Also a lurker, also just got the call from Phil Linson accepting me into the editing program.

@GodIsACowboy-- your phone conversation sounds pretty much like mine.  Just kept saying thank you until he hung up!

I actually went to AFI for my interview and when in LA I visited Chapman/USC/UCLA.  I will say that I think AFI students have to work the hardest and the program is the most focused...that's the general feeling I got off of it because many of the students seemed present and they were tired!  The cycle system seems like a very smart way to learn.  The other school had their plusses and minuses and if anyone is interested in hearing them, please feel free to message me.  Congratulations to all those who got in and best of luck to those waiting to hear.


----------



## cinegirl1999 (Apr 13, 2011)

CONGRATS TO ALL. I've been accepted to NYU so I'm going there instead even though AFI wanted me.

INCOMING AFI FELLOWS, BE NICE TO EACH OTHER. Remember, it's about LEARNING. Don't go there acting like you know everything. Be humble. Have fun. Make long lasting friendships. That is the most important in Hollywood, the relationships. Even if you are good, if you don't know how to work with people, forget about it.

Competition is healthy but not at the expense of friendships and your respect for one another.


----------



## cinegirl1999 (Apr 13, 2011)

also, you need to learn how to take constructive criticism and learn how to give it.
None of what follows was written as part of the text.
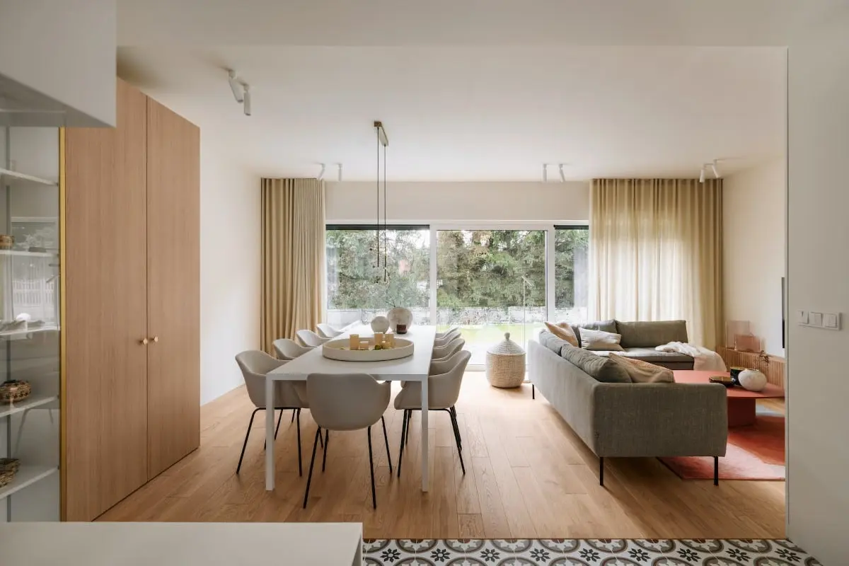 Ciepłą atmosferę buduje beż na ścianach oraz drewno na podłodze. Hiszpański akcent wprowadza stolik kawowy w kolorze ceglastego różu oraz sofy w odcieniu oliwkowym. Nienachalną elegancję zapewniają złote akcenty oraz designerskie oświetlenie. Proste zabudowy mebli stanowią ukłon w stronę nowoczesności.

CONSTRUCTIVE CRITICISM which means asking each other why we made certain choices and giving REASONS why something didn't work for you. Don't get all defensive on each other, ok? Remember, you are helping each other LEARN. And part of learning is giving each other CONSTRUCTIVE FEEDBACK.


----------



## cinegirl1999 (Apr 13, 2011)

and don't be under illusion that you're better than everyone else. Everyone is different, ok? So just focus on your own talents and don't be a snob. However, be honest with each other and give constructive feedback, ok?


----------



## Nova (Apr 13, 2011)

are you the new AFI mom?  how weird.


----------



## cinegirl1999 (Apr 13, 2011)

how dare you talk to me that way?
if there's an film school daddy, then I'll be happy to be Mommy


----------



## cinegirl1999 (Apr 13, 2011)

I know someone connected with the school and they said that they have been reading our posts and that some were rejected because of what they wrote.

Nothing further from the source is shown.